If you feel like an outsider peering into an unfamiliar world while reading Shigeru Mizuki’s mammoth graphic novel, Showa 1926-1939: A History of Japan, you’re not alone. American history is long and sordid, and topics get cherry picked in its spotty public education system. Our world is crowded with abstract noise, political posturing, television identities, and spun-up commentary passing as fact, when the reality is, most of us have trouble locating Crimea, Uzbekistan, or Iraq on a world map.
Showa 1926-1939is the first of two volumes Shigeru wrote and illustrated on the history of Japan during the Showa period; a period of history when Japan, in the run-up to World War II, was devastated by economic hardships, questionable political decisions, and military turmoil. Released by Drawn & Quarterly—one of the top publishers of graphic novels—Showa is a melting pot of manga style, photo realism, memoir, and narrative history.
Shigeru’s family and relatives affected by the Japan’s poor economy are drawn as simple creatures, reminiscent of Charles Schulz’ Peanuts gang. Shigeru and his boyhood friends (all of them conglomerated into some sort of makeshift gang) are always depicted as drooling, wide-eyed kids who are only tangentially affected by the economy and political problems. For them, being without money and hearing incendiary talk of right-wing politics are not a by-product of some greater national or world issue, they are just circumstances to be accepted. And there’s a charming innocence to Shigeru and his gang’s toils that flashes brightly against the backdrop of war.

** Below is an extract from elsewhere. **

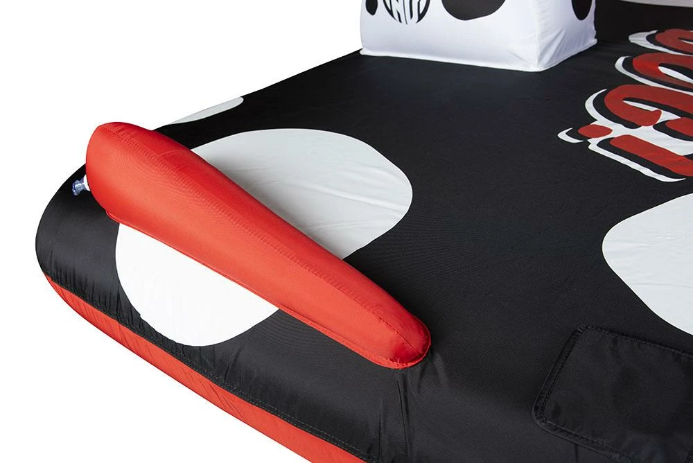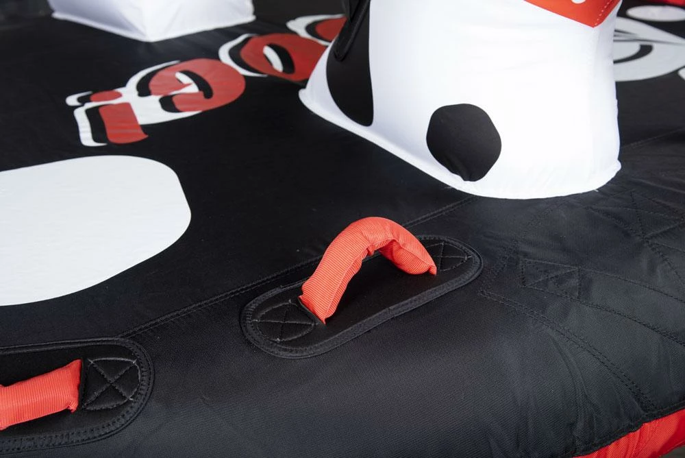 The Dog offers a versatile riding experience with its seating options. The center rider gets to enjoy a comfortable seated position on the deck of the tube, providing an excellent view of the surroundings and a thrilling ride. The outside riders can lay in the prone position on either side, adding an extra level of excitement as they skim across the water’s surface.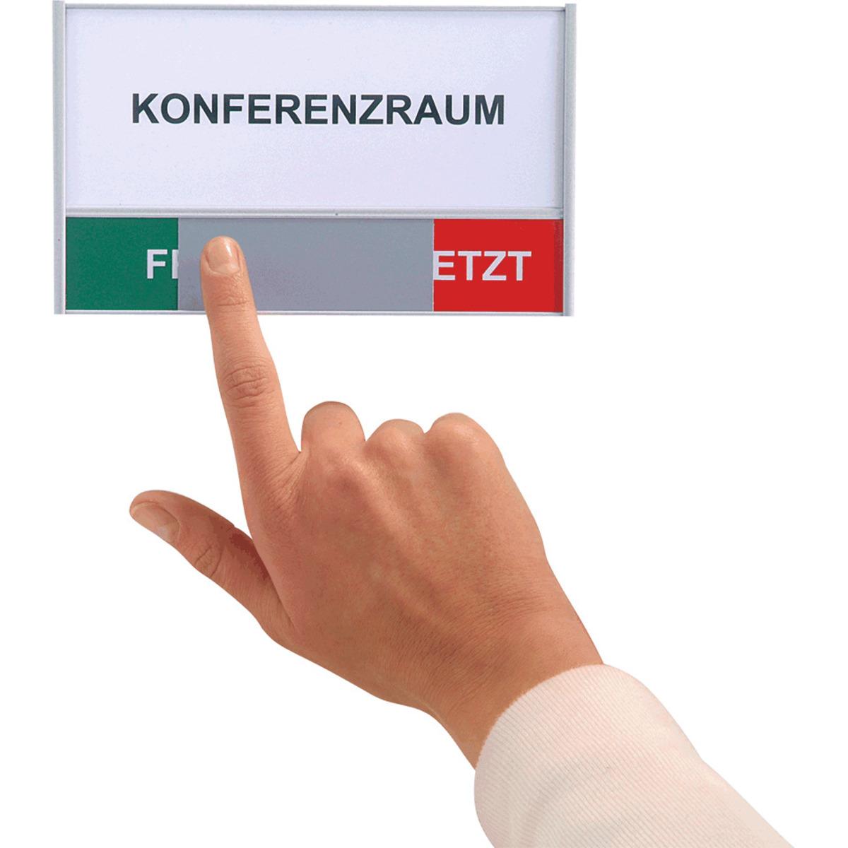 Dieses Türschild verbindet Raumbeschilderung mit einer Frei-/Besetzt-Anzeige und eignet sich hervorragend zur Kennzeichnung von beispielsweise Besprechungsräumen. Der Schieberegler kann flexibel verstellt werden und zeigt an, ob ein Zimmer belegt ist oder zur Verfügung steht. Eine individuelle Beschriftung ist für jeden Bedarf möglich.

In one scene Shigeru and two friends walk ten miles just to try a fancy treat they heard about called a “donut”, and never think twice about time and distance. Their thought process is a simple one: they don’t have enough money for both a train ride and a donut, so they walk. Later, Shigeru tells of the time he encountered Japanese hunger ghosts, or “hidarugami”, on a long walk where he certainly did not have enough to eat. Even though the story is supernatural and easily explained away (an overactive child’s imagination is heightened by hunger pangs), the way Shigeru depicts his ghostly encounter is believable.
Once Shigeru leaves the realm of the personal, the bulk of Showa is dedicated to Japan’s twisted, often bloody, Second Sino-Japanese War—a land war between the Republic of China and the Empire of Japan—and the strain that Japan’s economy suffered beforehand, due in part to America’s Great Depression. Shigeru’s talent as an artist is on full display during the historical scenes of Showa. His black lines and human faces are intricate and poised and scenes of battle and military marches are razor sharp and hyperreal. Single pages pack monumental details into two frames, and are designed to be pored over, line by line, stroke by stroke. Even the shop signs within the frames are translated; a nice addition for those of us unfamiliar with the Japanese language.
Much of Shigeru’s historical sequences are taken from black and white photos of the war, likely driven by his hobby of collecting newspapers as a child. And his childhood plays predominantly into the storyline, as does his capricious narrator, Rat Man, who appears seemingly from behind the frames to guide you through the murky dates and military battles. Rat Man (the Japanese equivalent to Mickey Mouse) is the Virgil to our Dante, the stoic guide who has seen ahead and holds a cool, Zen personality. For Rat Man—and maybe for Shigeru, a soldier himself who last an arm in the war—the events of history are tragic, but unavoidable. The path has been laid before us, the past is set in stone.
Admittedly, I am not immersed in manga and, unfortunately, the name Shigeru Mizuki meant little to me, even as a long-time comics lover and graphic novel collector. Chalk it up to poor research on my part, or credit Drawn & Quarterly for issuing this hefty graphic novel, complete with some expert translation from Zack Davisson that deserves a special mention. Either way, Shigeru (now in his 90s) is a tireless artist who deserves to have his work read by a wider, international audience. Like the best tales, Showa is one you can appreciate on multiple levels: a brand new perspective on how history and war personally affect us all.
Yet, Shigeru can’t always distill 18 years of intricate Japanese history steadily, even when it takes the form of four 500-plus-page graphic novels (this one and Showa 1939-1944: A History of Japan) and precise research. But what he can do is illuminate history through a personal viewfinder and, by doing so, he brings Japan and its history closer to a new world of readers.